Reducing $h(\alpha)$ modulo $\mathfrak{m}_K$ gives $\bar{h}(\bar{\alpha}) \neq 0$, so $h(\alpha) \notin \mathfrak{m}_K$, which means $|h(\alpha)| = 1$. In particular, $h(\alpha) \neq 0$, so $f'(\alpha) = h(\alpha) \neq 0$, confirming that $\alpha$ is a simple root of $f$.
[/step]
[step:Prove uniqueness of the lift]
Suppose $\alpha' \in \mathcal{O}_K$ is another root of $f$ with $\alpha' \equiv \bar{\alpha} \pmod{\mathfrak{m}_K}$. Since $f(\alpha') = 0$ and $f(x) = (x - \alpha) h(x)$, we have
\begin{align*}
0 = f(\alpha') = (\alpha' - \alpha) \cdot h(\alpha').
\end{align*}
We claim $h(\alpha') \neq 0$. Reducing modulo $\mathfrak{m}_K$: $\overline{h(\alpha')} = \bar{h}(\bar{\alpha}') = \bar{h}(\bar{\alpha}) \neq 0$ (using $\alpha' \equiv \bar{\alpha} \pmod{\mathfrak{m}_K}$ and the fact established above that $\bar{h}(\bar{\alpha}) \neq 0$). Therefore $h(\alpha') \notin \mathfrak{m}_K$, so $h(\alpha') \neq 0$.
Since $\mathcal{O}_K$ is an integral domain (it is a subring of the field $K$), the equation $(\alpha' - \alpha) \cdot h(\alpha') = 0$ with $h(\alpha') \neq 0$ forces $\alpha' - \alpha = 0$, i.e., $\alpha' = \alpha$.
[guided]
Why must the lift be unique?

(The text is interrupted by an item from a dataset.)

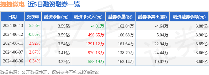 捷捷微电融资融券信息显示,融资方面,当日融资买入5919.18万元,融资偿还5923.19万元,融资净偿还4.01万元。融券方面,融券卖出13.33万股,融券偿还17.97万股,融券余量162.04万股,融券余额2851.9万元。融资融券余额3.88亿元。近5日融资融券数据一览见下表:

Suppose two elements $\alpha, \alpha' \in \mathcal{O}_K$ both satisfy $f(\alpha) = f(\alpha') = 0$ and $\alpha \equiv \alpha' \equiv \bar{\alpha} \pmod{\mathfrak{m}_K}$.
From the factorisation $f(x) = (x - \alpha) h(x)$, evaluating at $\alpha'$ gives $(\alpha' - \alpha) h(\alpha') = 0$. The key point is that $h(\alpha') \neq 0$: since $\alpha' \equiv \bar{\alpha} \pmod{\mathfrak{m}_K}$, the reduction of $h(\alpha')$ is $\bar{h}(\bar{\alpha})$, which is nonzero because we proved $\gcd(x - \bar{\alpha}, \bar{h}) = 1$.

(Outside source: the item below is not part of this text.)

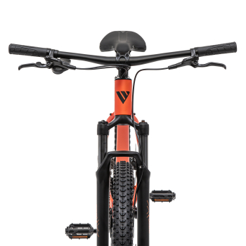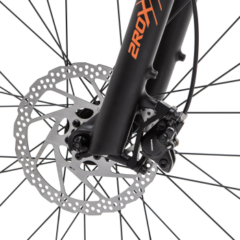 Хардтейл для езды в стиле кросс-кантри с оборудованием любительского класса Shimano, 9 скоростей. Технические особенности: алюминиевая рама Alloy 6061 Hard Tail (сплав 6061, внутренняя прокладка тросов, съёмный петух, рулевой стакан ZS, крепление калипера PM, каретка BSA), амортизационная вилка 2ROXX 362 MLO (пружинно-эластомерная, ноги 32 мм, рабочий ход 100 мм, блокировка хода), двойные алюминиевые обода XHC DP27 (под ниппель AV), дисковые гидравлические тормоза Shimano MT-200 (роторы 160/160 мм). Подходит для активной езды по различным дорогам и пересеченной местности. Диаметр колес - 27,5 дюймов. Вес - 14,2 кг.
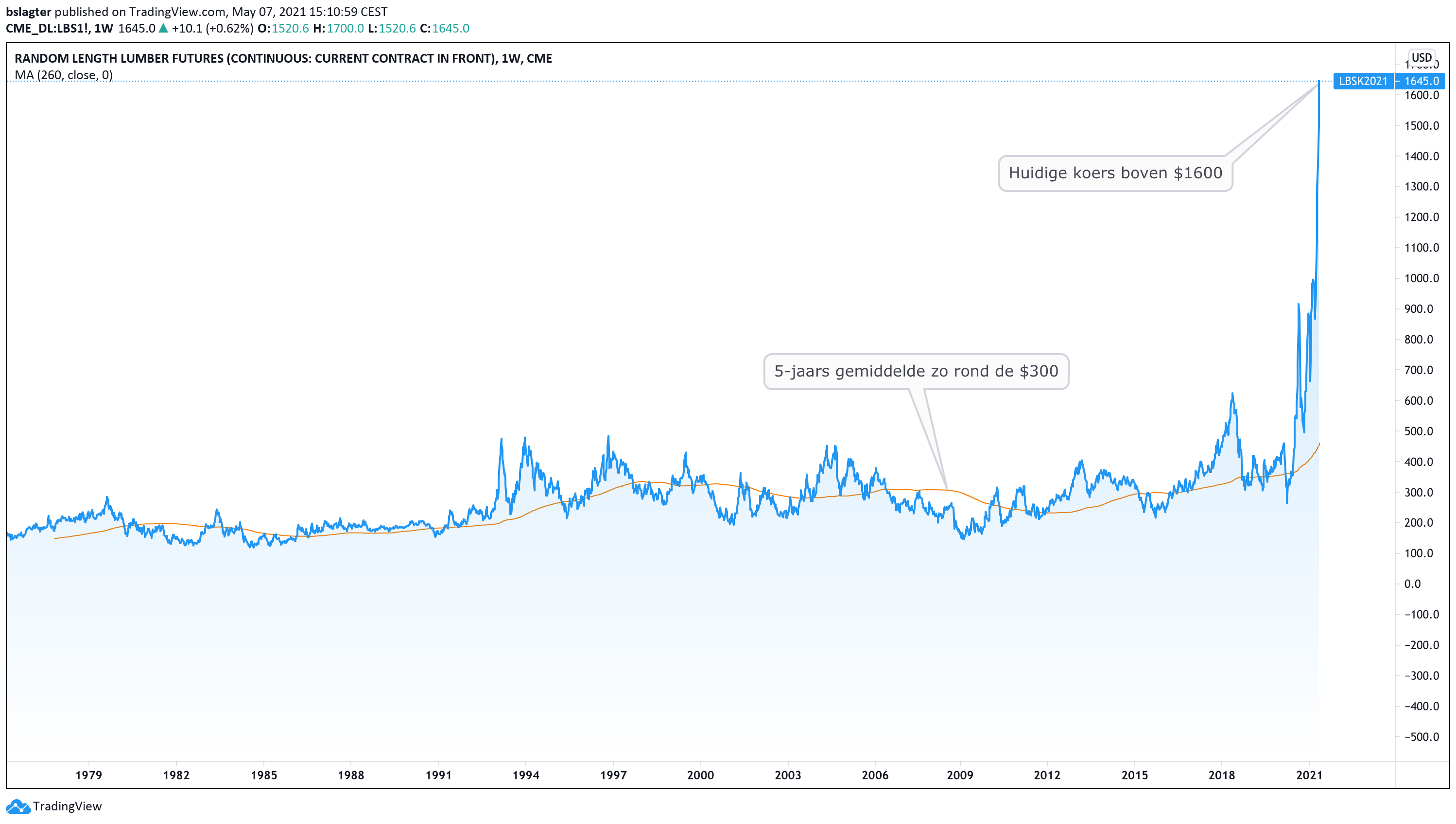 Bij timmerhout is dit vrijwel zeker ook het geval. De productie ervan kan snel worden opgeschaald als dat nodig is. De koers van grof hout (timber) is nauwelijks gestegen, wat suggereert dat er aan hout als grondstof geen gebrek is. Vermoedelijk zijn onvoldoende productiecapaciteit en verstoring van logistiek verantwoordelijk voor het tekort en de oplopende prijzen.

Since $K$ is a field, $\mathcal{O}_K \subset K$ is an integral domain, so the product $(\alpha' - \alpha) h(\alpha') = 0$ with $h(\alpha') \neq 0$ forces $\alpha' = \alpha$.
Note that the simplicity hypothesis is essential for uniqueness. If $\bar{\alpha}$ were a multiple root of $\bar{f}$, say of multiplicity $m \geq 2$, then $\bar{h}(\bar{\alpha}) = 0$, and we could not conclude $h(\alpha') \neq 0$. In that case, multiple lifts can exist: for example, $f(x) = x^2 - p$ over $\mathbb{Z}_p$ has the reduction $\bar{f}(x) = x^2$ with $\bar{\alpha} = 0$ a double root. For $p \neq 2$, this polynomial has no root in $\mathbb{Z}_p$ at all (the equation $x^2 = p$ has no solution since $|x|_p^2 = |p|_p = p^{-1}$ would require $|x|_p = p^{-1/2} \notin |K^\times|$). The corollary does not apply because $0$ is not a simple root of $\bar{f}$.
[/guided]
[/step]